Wednesday, December 18, 2013

U.S. Olympic Delegation Includes Athletes Who Are Gay Argyll Free ...

The Winter Olympics in Solchi, Russia are less than two months away. The delegation from the U.S. will not include any members of President Obama’s family or a Cabinet member, but the group will have athletes that are openly gay – a clear jab at the recently approved anti-gay laws in the host country.

Billie Jean King, the tennis legend will join Janet Napolitano the former Secretary of Homeland Security and Brian Boitano the figure skater at the opening ceremonies February 7, said the White House.

Rob Nabors an aide at the White House and the ambassador to Russia from the U.S. will round out the Sochi delegation.

King was one of the first athletes at a professional level to come out in the 1980s as gay.

William Burns the Deputy Secretary of State will lead the U.S. delegation at the closing ceremony. Joining him will be speed skaters Eric Heiden and Bonnie Blair, along with Caitlin Cahow a hockey player who is also openly gay.

It is just the first time in over a decade that the President, First Lady, Vice President or a former president has not been in attendance for the opening or closing ceremonies for the Olympics.

For the Summer 2012 London Olympics, the U.S. delegation was led by Michelle Obama the First Lady, and then President George Bush went to China in 2008 for the games in Beijing.

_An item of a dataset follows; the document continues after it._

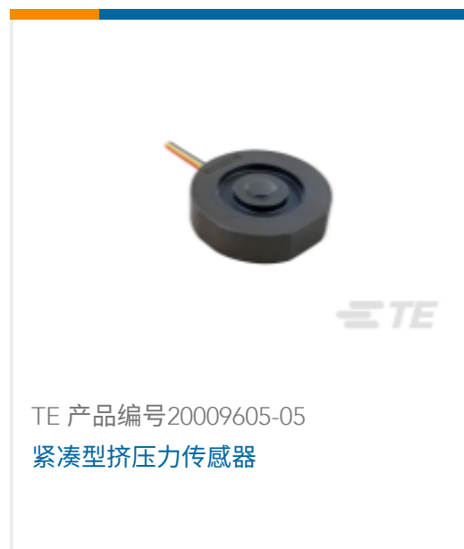
TE 产品编号20009605-05 紧凑型挤压力传感器

Joe Biden the U.S. Vice President and his wife led a group from the U.S. to the most recent Winter Olympics in Vancouver. Not sending a high-ranking official from the U.S. amounts to nothing more than a snub at Russia, whose diplomatic relations with the U.S. have been fractured over the last 12 months.

Russia granted Edward Snowden the admitted leaker of NSA documents temporary asylum and Vladimir Putin the President has used the veto power of Russia in the U.N. Security Council to block U.S. action against Syria.

Obama also canceled a September meeting with the Russian President, though they both met in the Group of 20 meetings in St. Petersburg.

Fueling problems with Russia are new laws that ban gay propaganda in Russia that critics say are so vague anyone could be prosecuted for just wearing the rainbow T-shirt.